XGBoost single node Multi GPU DaskDeviceQuantileDMatrix Freezes

from dask_cuda import LocalCUDACluster
from dask.distributed import Client
from dask import array as da
from dask import dataframe as dd
import xgboost as xgb
from xgboost import dask as dxgb
from xgboost.dask import DaskDMatrix
import cupy as cp
import argparse


def using_dask_matrix(client: Client, X, y):
    # DaskDMatrix acts like normal DMatrix, works as a proxy for local
    # DMatrix scatter around workers.
    dtrain = DaskDMatrix(client, X, y)

    # Use train method from xgboost.dask instead of xgboost.  This
    # distributed version of train returns a dictionary containing the
    # resulting booster and evaluation history obtained from
    # evaluation metrics.
    output = xgb.dask.train(client,
                            {'verbosity': 2,
                             # Golden line for GPU training
                             'tree_method': 'gpu_hist'},
                            dtrain,
                            num_boost_round=4, evals=[(dtrain, 'train')])
    bst = output['booster']
    history = output['history']

    # you can pass output directly into `predict` too.
    prediction = xgb.dask.predict(client, bst, dtrain)
    print('Evaluation history:', history)
    return prediction


def using_quantile_device_dmatrix(client: Client, X, y):
    '''`DaskDeviceQuantileDMatrix` is a data type specialized for `gpu_hist`, tree
     method that reduces memory overhead.  When training on GPU pipeline, it's
     preferred over `DaskDMatrix`.

    .. versionadded:: 1.2.0

    '''
    # Input must be on GPU for `DaskDeviceQuantileDMatrix`.
    X = dask_cudf.from_dask_dataframe(X)
    y = dask_cudf.from_dask_dataframe(y)

    # `DaskDeviceQuantileDMatrix` is used instead of `DaskDMatrix`, be careful
    # that it can not be used for anything else than training.
    dtrain = dxgb.DaskDeviceQuantileDMatrix(client, X, y)
    output = xgb.dask.train(client,
                            {'verbosity': 2,
                             'tree_method': 'gpu_hist'},
                            dtrain,
                            num_boost_round=4)

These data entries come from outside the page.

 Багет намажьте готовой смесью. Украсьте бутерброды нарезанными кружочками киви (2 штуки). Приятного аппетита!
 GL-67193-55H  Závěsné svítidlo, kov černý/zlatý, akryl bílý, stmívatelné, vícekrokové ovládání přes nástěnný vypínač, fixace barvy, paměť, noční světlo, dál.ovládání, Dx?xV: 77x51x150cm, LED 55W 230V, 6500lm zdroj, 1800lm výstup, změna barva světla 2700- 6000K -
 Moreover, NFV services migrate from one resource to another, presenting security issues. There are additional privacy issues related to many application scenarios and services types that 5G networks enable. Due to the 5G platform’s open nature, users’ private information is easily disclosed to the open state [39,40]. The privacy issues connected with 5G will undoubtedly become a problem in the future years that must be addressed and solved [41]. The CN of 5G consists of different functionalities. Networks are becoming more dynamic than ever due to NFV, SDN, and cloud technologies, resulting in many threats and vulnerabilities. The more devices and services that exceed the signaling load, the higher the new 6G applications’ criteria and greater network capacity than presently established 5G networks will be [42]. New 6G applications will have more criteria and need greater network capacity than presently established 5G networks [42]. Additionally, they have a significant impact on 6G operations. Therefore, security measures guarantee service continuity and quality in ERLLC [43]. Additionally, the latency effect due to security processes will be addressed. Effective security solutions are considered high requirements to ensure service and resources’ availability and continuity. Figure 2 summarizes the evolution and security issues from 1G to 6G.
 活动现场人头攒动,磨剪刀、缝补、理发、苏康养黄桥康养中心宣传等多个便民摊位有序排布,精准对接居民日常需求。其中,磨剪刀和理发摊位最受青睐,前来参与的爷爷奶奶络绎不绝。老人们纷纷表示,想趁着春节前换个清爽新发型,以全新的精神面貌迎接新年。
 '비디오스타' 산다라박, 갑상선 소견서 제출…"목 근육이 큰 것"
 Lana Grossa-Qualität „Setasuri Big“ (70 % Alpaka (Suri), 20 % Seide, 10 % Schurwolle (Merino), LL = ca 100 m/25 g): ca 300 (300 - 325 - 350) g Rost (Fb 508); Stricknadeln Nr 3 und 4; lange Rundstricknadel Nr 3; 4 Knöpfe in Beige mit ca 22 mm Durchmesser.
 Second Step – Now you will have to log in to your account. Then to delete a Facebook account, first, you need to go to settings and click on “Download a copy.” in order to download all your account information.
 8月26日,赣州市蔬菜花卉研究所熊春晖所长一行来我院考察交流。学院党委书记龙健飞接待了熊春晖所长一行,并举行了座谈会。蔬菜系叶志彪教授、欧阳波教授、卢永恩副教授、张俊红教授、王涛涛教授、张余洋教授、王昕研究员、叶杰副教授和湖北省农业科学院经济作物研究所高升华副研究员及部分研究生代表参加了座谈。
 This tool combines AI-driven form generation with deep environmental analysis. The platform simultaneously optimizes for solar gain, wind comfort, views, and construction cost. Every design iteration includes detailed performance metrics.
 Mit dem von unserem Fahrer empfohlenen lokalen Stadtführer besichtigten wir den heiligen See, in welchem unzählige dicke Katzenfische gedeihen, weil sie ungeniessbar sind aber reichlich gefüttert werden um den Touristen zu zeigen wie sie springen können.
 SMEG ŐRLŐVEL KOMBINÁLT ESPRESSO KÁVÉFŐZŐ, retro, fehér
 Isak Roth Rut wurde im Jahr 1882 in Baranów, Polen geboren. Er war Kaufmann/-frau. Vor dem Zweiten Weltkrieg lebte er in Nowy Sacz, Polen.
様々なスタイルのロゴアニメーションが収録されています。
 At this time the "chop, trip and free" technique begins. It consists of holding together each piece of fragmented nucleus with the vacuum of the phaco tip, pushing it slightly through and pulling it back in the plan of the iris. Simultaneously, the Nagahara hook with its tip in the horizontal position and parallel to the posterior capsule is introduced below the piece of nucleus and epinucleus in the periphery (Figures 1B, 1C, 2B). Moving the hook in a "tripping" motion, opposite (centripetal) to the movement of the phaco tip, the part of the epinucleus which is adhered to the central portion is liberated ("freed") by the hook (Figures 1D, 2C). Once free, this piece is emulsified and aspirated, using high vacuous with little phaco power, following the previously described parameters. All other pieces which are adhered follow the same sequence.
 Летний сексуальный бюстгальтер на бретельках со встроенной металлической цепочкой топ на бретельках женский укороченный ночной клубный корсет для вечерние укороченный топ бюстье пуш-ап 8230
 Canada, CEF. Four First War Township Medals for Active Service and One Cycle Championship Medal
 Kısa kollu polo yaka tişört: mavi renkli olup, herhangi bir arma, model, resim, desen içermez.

    prediction = xgb.dask.predict(client, output, X)
    return prediction


ddqdm = 1
# `LocalCUDACluster` is used for assigning GPU to XGBoost processes.  Here
# `n_workers` represents the number of GPUs since we use one GPU per worker
# process.
with LocalCUDACluster() as cluster:
    with Client(cluster) as client:
        # generate some random data for demonstration
        m = 100000
        n = 100
        X = dd.from_dask_array(da.random.random(size=(m, n), chunks=100))
        y = dd.from_dask_array(da.random.random(size=(m, ), chunks=100))

        if ddqdm == 1:
            print('Using DaskDeviceQuantileDMatrix')
            from_ddqdm = using_quantile_device_dmatrix(client, X, y)
            print(from_ddqdm)
        else:
            print('Using DMatrix')
            from_dmatrix = using_dask_matrix(client, X, y)

This code gets stuck infinitely until distributed library kills the process for not communicating.
Library version:
xgboost == 1.5.0
dask == 2021.11.1
dask_cudf == 21.10.01

It runs fine if I use DaskDMatrix though. Any clue to this will really help a lot.

This is the official example. I have just modified it to use dask_cudf dataframe instead of cupy arrays as in the example.

This works all good. The issue was on my end when replicating this issue as well. There is no problem with the script which runs great.